§ Collected data
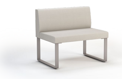
NEWPORT STRAIGHT 36" UNIT
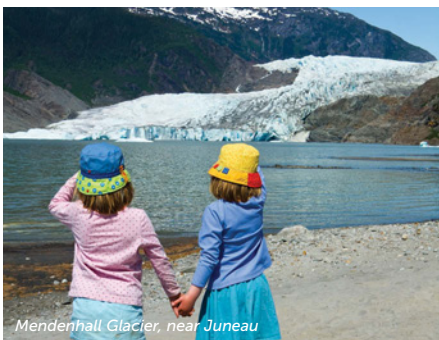
Mendenhall Glacier, near Juneau

For kids, our Alaska cruise is like a playground with the best rides. Take them dogsledding or rock-climbing*. Add SpongeBob SquarePants, and you've just made a great vacation awesome. For families, it's all about options, and our brand-new youth program is designed to keep everyone happy. Because Norwegians come in all sizes, we have kids' pools, game rooms and an exclusive Nickelodeon lineup that offers more choices than you can imagine. Plus, with accommodations that fit everyone to dining choices that satisfy even the pickiest eater, seeing Alaska The Norwegian Way means everyone gets a vacation. Even Mom and Dad.

§ Exercise aim
The task calls for repeating each line above exactly while excluding the pictures.

§ Written solution
NEWPORT STRAIGHT 36" UNIT
Mendenhall Glacier, near Juneau

For kids, our Alaska cruise is like a playground with the best rides. Take them dogsledding or rock-climbing*. Add SpongeBob SquarePants, and you've just made a great vacation awesome. For families, it's all about options, and our brand-new youth program is designed to keep everyone happy. Because Norwegians come in all sizes, we have kids' pools, game rooms and an exclusive Nickelodeon lineup that offers more choices than you can imagine. Plus, with accommodations that fit everyone to dining choices that satisfy even the pickiest eater, seeing Alaska The Norwegian Way means everyone gets a vacation. Even Mom and Dad.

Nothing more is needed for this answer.